**Dataset extract**
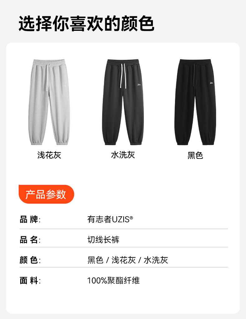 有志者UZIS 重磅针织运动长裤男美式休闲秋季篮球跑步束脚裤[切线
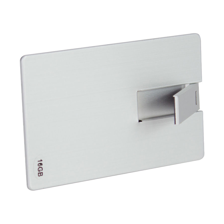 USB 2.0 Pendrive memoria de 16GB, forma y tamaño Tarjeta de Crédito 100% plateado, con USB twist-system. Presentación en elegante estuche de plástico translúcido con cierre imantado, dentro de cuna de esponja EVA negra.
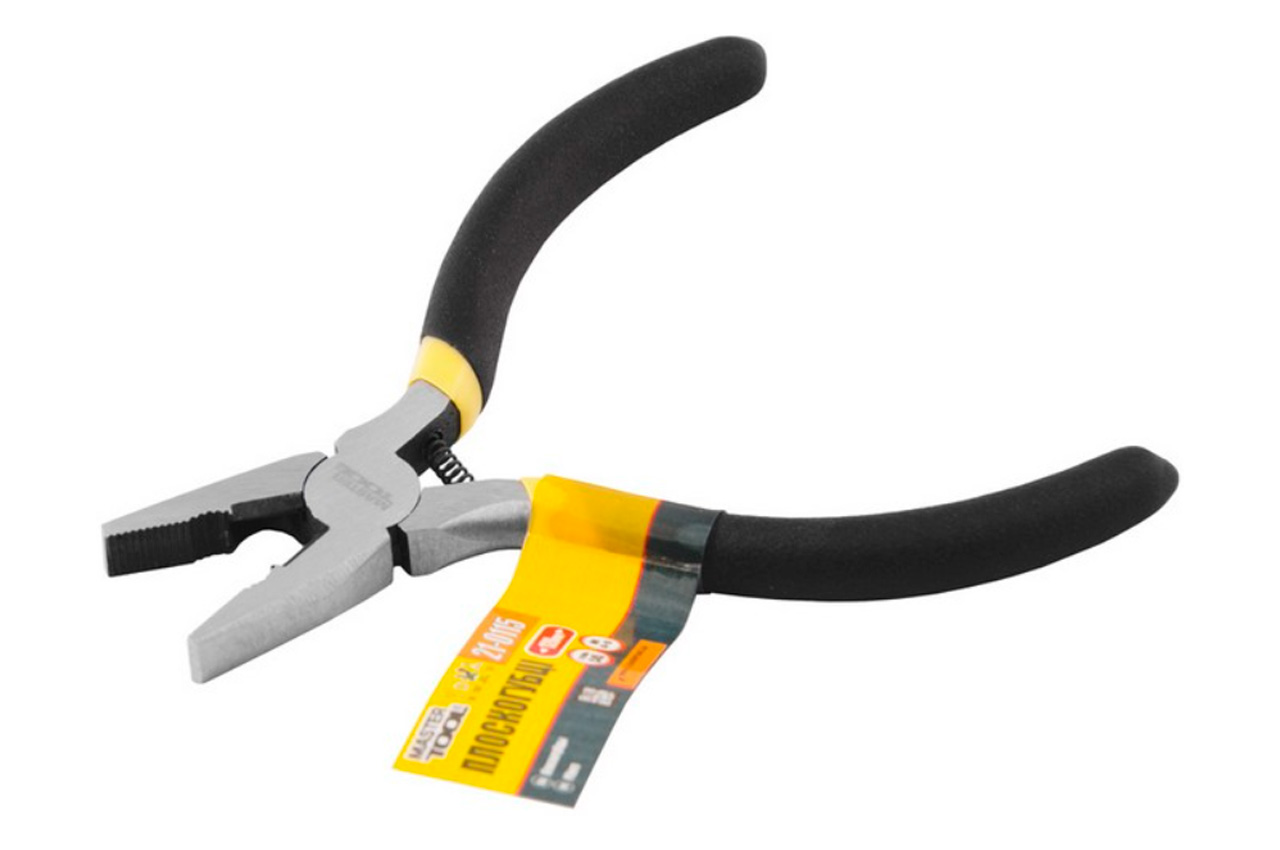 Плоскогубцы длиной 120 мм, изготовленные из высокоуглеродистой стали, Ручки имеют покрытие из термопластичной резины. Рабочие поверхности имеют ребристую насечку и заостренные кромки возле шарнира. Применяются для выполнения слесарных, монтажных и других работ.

**Exercise prompt**
When you restate the listing, keep every word as it is and drop the pictures.

**Result of this task**
 有志者UZIS 重磅针织运动长裤男美式休闲秋季篮球跑步束脚裤[切线
 USB 2.0 Pendrive memoria de 16GB, forma y tamaño Tarjeta de Crédito 100% plateado, con USB twist-system. Presentación en elegante estuche de plástico translúcido con cierre imantado, dentro de cuna de esponja EVA negra.
 Плоскогубцы длиной 120 мм, изготовленные из высокоуглеродистой стали, Ручки имеют покрытие из термопластичной резины. Рабочие поверхности имеют ребристую насечку и заостренные кромки возле шарнира. Применяются для выполнения слесарных, монтажных и других работ.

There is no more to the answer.